When I think 'cheap' I tend to think of MW2.
In a sense, the game was so balanced, it was unbalanced - because unless you were ridiculous, it was almost impossible to stay alive for a few minutes, since there was a ridiculous amount of ways to die, either from overpowered class combinations or constant killstreaks and grenades covering every inch of the map in instant death. Often, you'd spawn, turn around and die. Sometimes it felt like in order to well, you had to use tactics that felt cheap - such as camping or being one of those assholes running around and stabbing/shooting everyone in the back or spamming everything with explosives. It was a mess, but I still enjoyed it - it just had a massive ratio of deaths that felt cheap, as opposed to earned.
Black Ops felt a little more balanced in that sense, but it was still pretty bad.
Playing Bad Company: Vietnam though, I rarely get that sense.

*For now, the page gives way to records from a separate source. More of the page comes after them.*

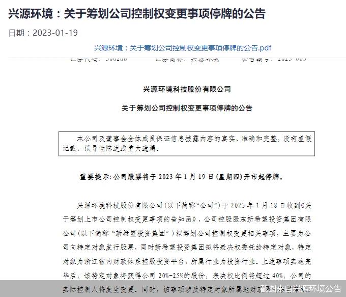 由于涉及控制权变更事项,兴源环境自1月19日起停牌。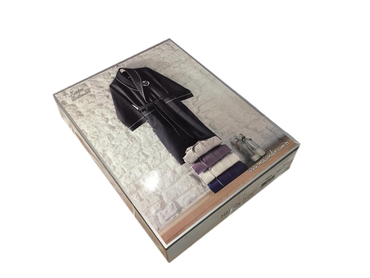 При изготовлении халата серии "KARIUS" торговой марки "Maison D'or" используется вафельная ткань на основе волокон хлопка, что обеспечивает изделию экологичность, гипоаллергенность, оптимальное сочетание мягкости и прочности, гигроскопичности и воздухопроницаемости.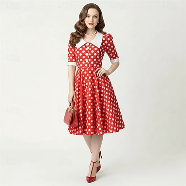 Élégant ancien Années 1950 Robe Coupe ajustée et évasée Déguisement Femmes Noël Carnaval Saint-Valentin Soirée Occasionnel Adultes Printemps & Été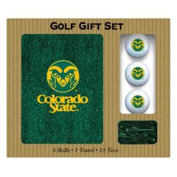 Each Colorado State Rams logo embroidered golf gift set includes a 16" X 26" embroidered tri-fold Colorado State Rams golf towel, 3 regulation Colorado State Rams golf balls, and 12 golf tees.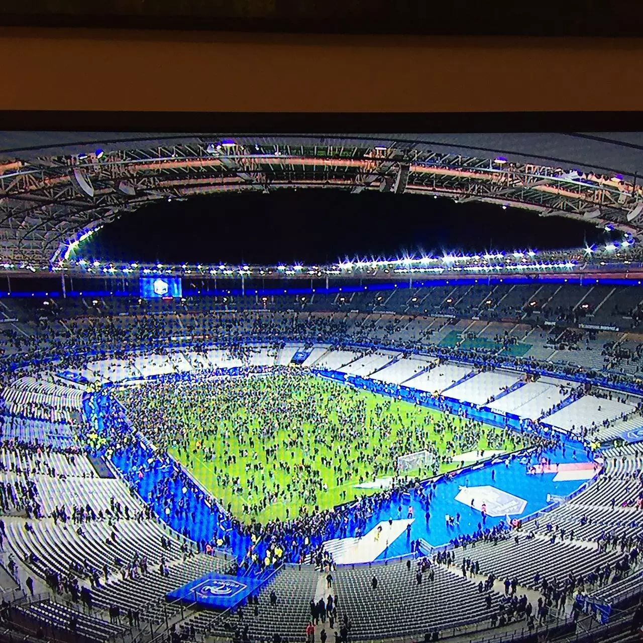 一名在法兰西体育场内的记者说,尽管赛场内球迷的呼喊声很大,他还是听到两声爆炸。

The game feels balanced and far less about 'cheap' kills - they are rare in that game, and the gameplay becomes far more about skill. Perhaps it's also the larger maps? Random grenades are far less of an issue, and the game doesn't have anonymous, random death falling from the sky without pause.
Does time alive for a skilled player (camping excluded) = 'not cheap'? Not entirely (particularly depending on game modes), but it does feel like a good indicator for me in FPS MP games.